▸ **What is expected**
Restate, word for word and with no pictures, the stretch of lines in the data below that begins at the line with "In its new home" and ends at the line with "10月16日下午,学校共青团", inclusive.

─── Information shown

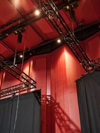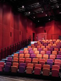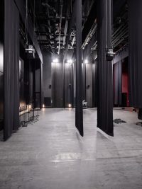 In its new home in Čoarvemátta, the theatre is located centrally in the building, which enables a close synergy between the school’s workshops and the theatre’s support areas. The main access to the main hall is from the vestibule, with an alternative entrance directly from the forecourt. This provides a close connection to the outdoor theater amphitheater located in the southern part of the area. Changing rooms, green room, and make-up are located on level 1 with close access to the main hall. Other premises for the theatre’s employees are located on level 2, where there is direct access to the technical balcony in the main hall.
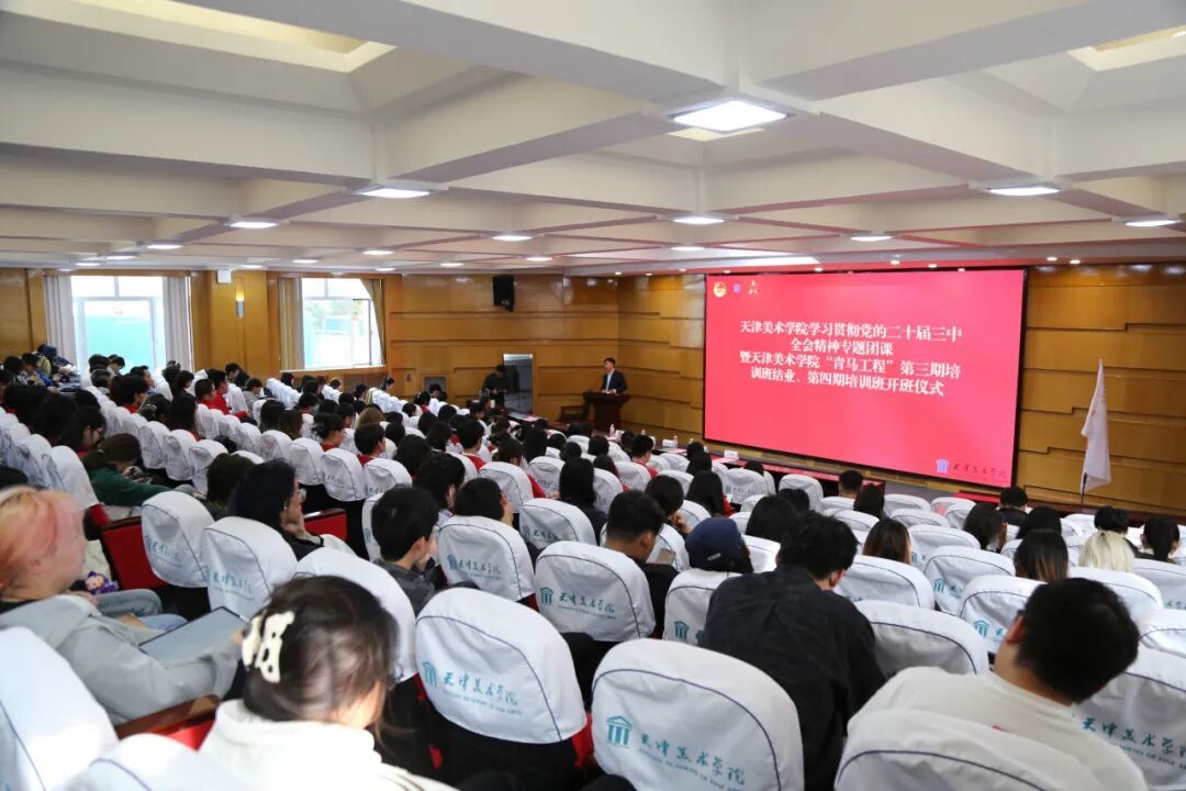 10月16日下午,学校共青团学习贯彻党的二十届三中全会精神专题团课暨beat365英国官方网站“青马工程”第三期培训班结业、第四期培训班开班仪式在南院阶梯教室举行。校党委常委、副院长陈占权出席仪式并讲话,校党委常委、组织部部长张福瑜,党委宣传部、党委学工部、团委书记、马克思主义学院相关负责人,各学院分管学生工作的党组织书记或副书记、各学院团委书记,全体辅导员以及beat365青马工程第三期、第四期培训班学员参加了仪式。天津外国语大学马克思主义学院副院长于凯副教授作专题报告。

──────
─── Information shown

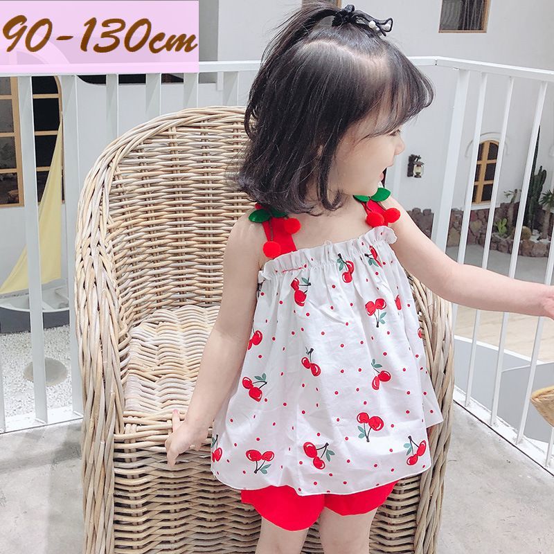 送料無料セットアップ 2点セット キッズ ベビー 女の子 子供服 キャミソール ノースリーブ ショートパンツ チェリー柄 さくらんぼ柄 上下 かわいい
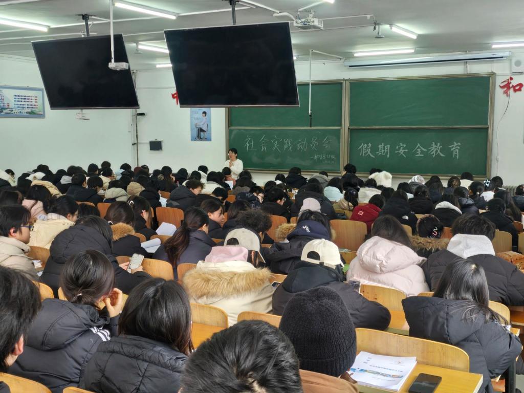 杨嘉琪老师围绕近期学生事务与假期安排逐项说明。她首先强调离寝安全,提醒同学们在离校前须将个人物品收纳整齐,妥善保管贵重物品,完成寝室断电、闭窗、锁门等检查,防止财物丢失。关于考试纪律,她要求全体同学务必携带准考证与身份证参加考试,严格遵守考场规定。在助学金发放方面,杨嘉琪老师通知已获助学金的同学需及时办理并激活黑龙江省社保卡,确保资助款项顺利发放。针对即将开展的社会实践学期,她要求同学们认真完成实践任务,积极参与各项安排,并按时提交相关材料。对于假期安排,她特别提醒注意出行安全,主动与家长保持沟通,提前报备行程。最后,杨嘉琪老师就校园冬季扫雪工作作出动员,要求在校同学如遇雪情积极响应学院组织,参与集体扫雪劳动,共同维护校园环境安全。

──────

▸ **Completed task**
 In its new home in Čoarvemátta, the theatre is located centrally in the building, which enables a close synergy between the school’s workshops and the theatre’s support areas. The main access to the main hall is from the vestibule, with an alternative entrance directly from the forecourt. This provides a close connection to the outdoor theater amphitheater located in the southern part of the area. Changing rooms, green room, and make-up are located on level 1 with close access to the main hall. Other premises for the theatre’s employees are located on level 2, where there is direct access to the technical balcony in the main hall.
 10月16日下午,学校共青团学习贯彻党的二十届三中全会精神专题团课暨beat365英国官方网站“青马工程”第三期培训班结业、第四期培训班开班仪式在南院阶梯教室举行。校党委常委、副院长陈占权出席仪式并讲话,校党委常委、组织部部长张福瑜,党委宣传部、党委学工部、团委书记、马克思主义学院相关负责人,各学院分管学生工作的党组织书记或副书记、各学院团委书记,全体辅导员以及beat365青马工程第三期、第四期培训班学员参加了仪式。天津外国语大学马克思主义学院副院长于凯副教授作专题报告。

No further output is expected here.